Ah, found it, all hail google, eh.
Making the Corps by Thomas E. Ricks
If you can get a copy of it you will get a pretty good insight on how the Corps trains its members. Mr. Ricks alternates between following the boots and what life was like where they came from and what life will be like after boot camp.
All in all a pretty good read.
Regards
alfa6 ;>}
Great, thanks! I found a few used copies on the Am**zon Marketplace for $2.
Here's a comment on it...
Jennings was a 22-year-old delivery boy in London when, in 1984, he joined the legendary Legion. In an hypnotically bland narrative style, he recalls the training, the vicious routine beatings, the boozing and whoring during off-duty hours--and the scathing xenophobic views freely expressed by the various nationalities he soldiered with. Posted to the African Republic of Djibouti, Jennings was mercilessly bullied by his immediate superior, a Spanish corporal, and went over the hill.

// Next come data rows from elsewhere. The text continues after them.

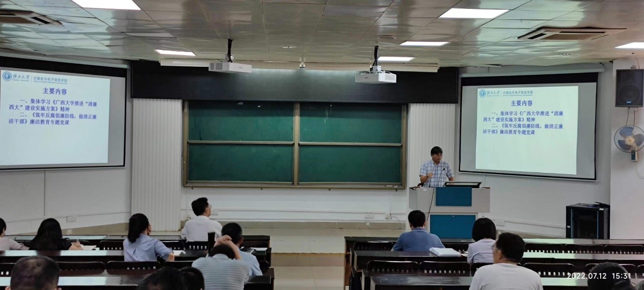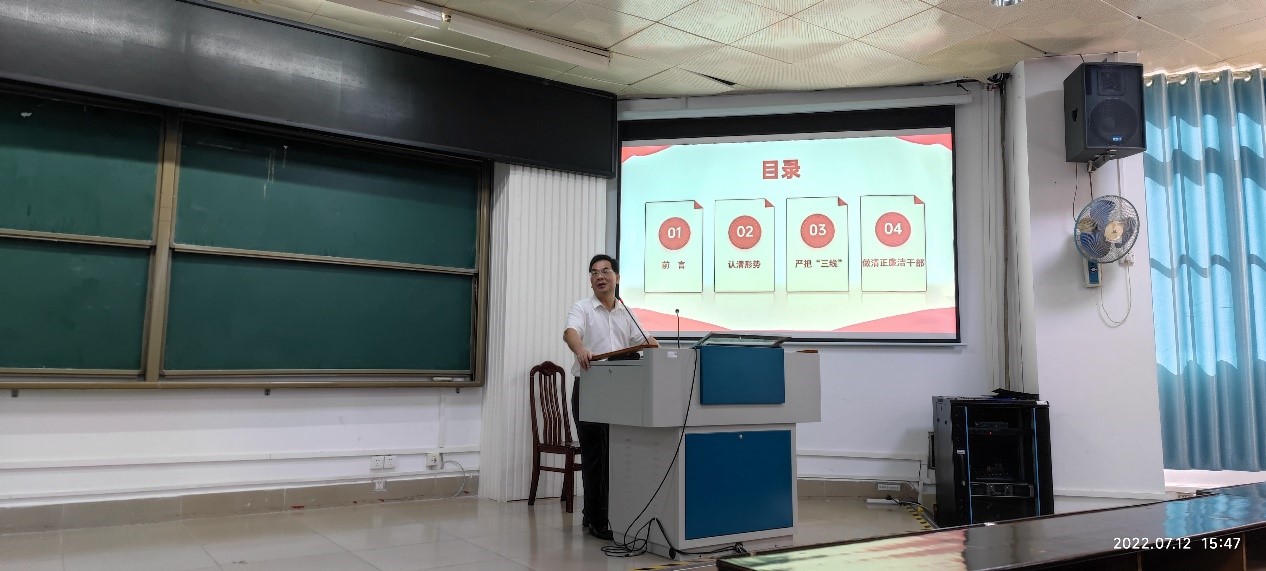 本次大会首先由学院党委副书记、纪委书记邓珍琪同志带领全体教职工共同学习《成人亚洲AV一片内射推进“清廉西大”建设实施方案》精神;然后邓珍琪同志为全体教职工作题为《筑牢反腐倡廉防线,做清正廉洁干部》廉洁教育专题党课;最后学院党委书记钟诚同志强调要求全体教职工必须高度重视廉洁教育,要将廉洁廉政教育与课程思政有机结合,做到让廉洁文化深入师生心中、廉洁理念成为共识、廉洁自律意识时刻牢记。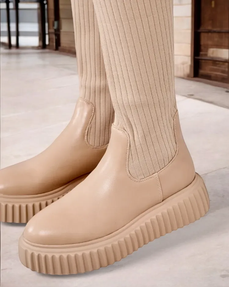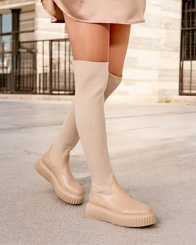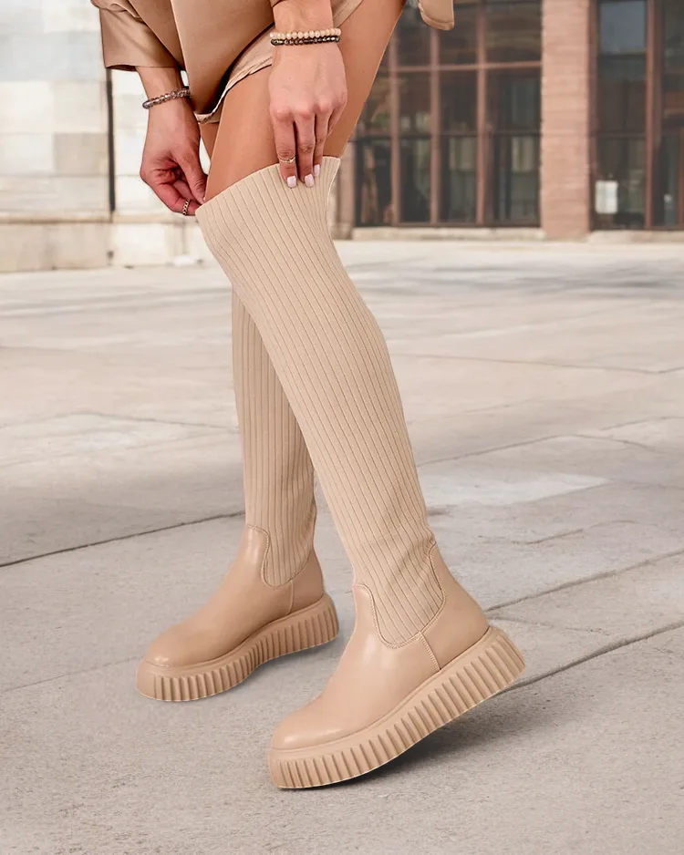 - Стильні жіночі черевики вище коліна на потовщеній підошві. Верх виконаний з еластичного ребристого тканинного матеріалу та має вставки з еко-шкіри. Устілка з натурального хутра. Модель сліпони.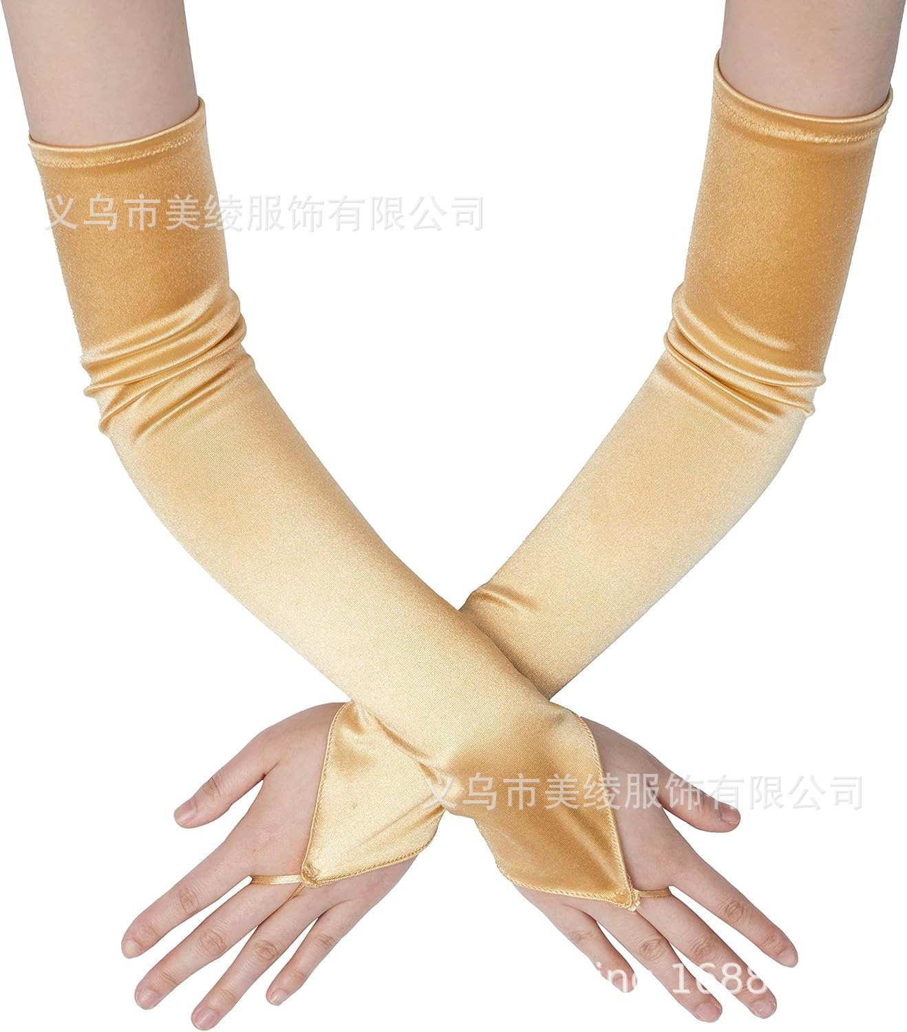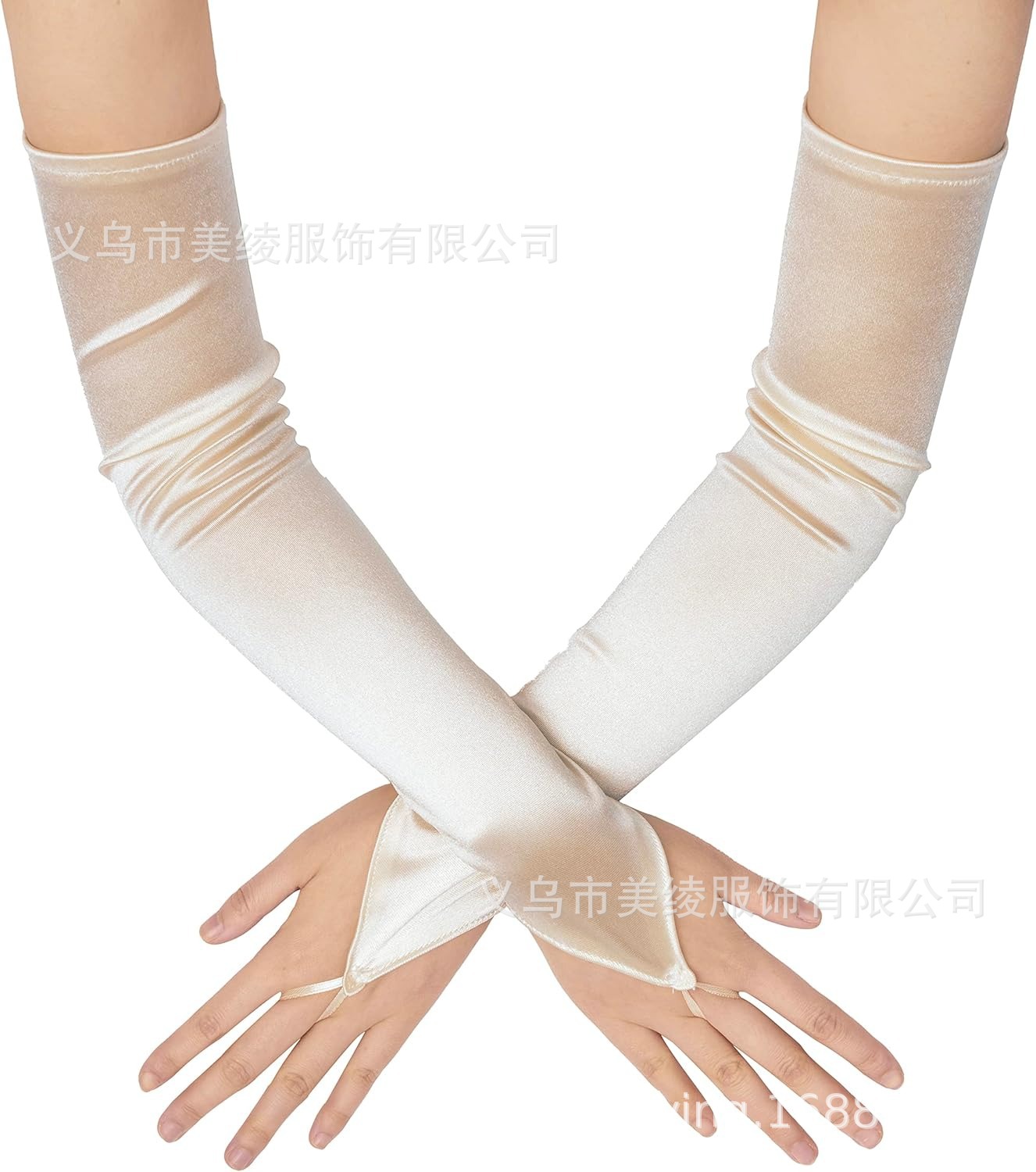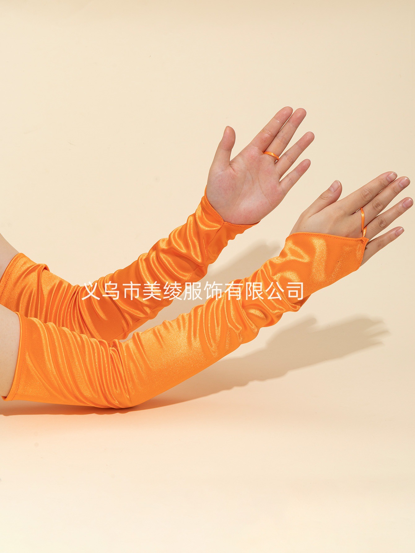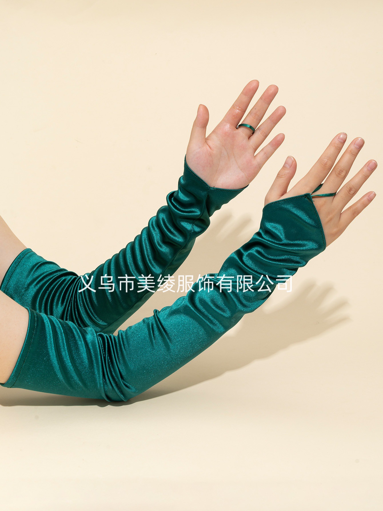 新娘婚纱礼服演出黑色色丁缎面尼龙无指勾指露指手套批发结婚配饰

Captured by bounty hunters while wandering across the desert, he found life in jail preferable to active duty in the 2nd Parachute Regiment. Given a second chance, he accompanied the regiment to France on field maneuvers and took advantage of another opportunity to desert. Successful this time, he was subsequently arrested on forgery charges and served a nine-month sentence. There's nothing self-serving about this memoir: again and again its author casually reveals himself to have been a liar, thief and sexual vulture. The absence of value judgment in his book plus a natural writing talent render it hard to put down. Jennings now works in publishing in London.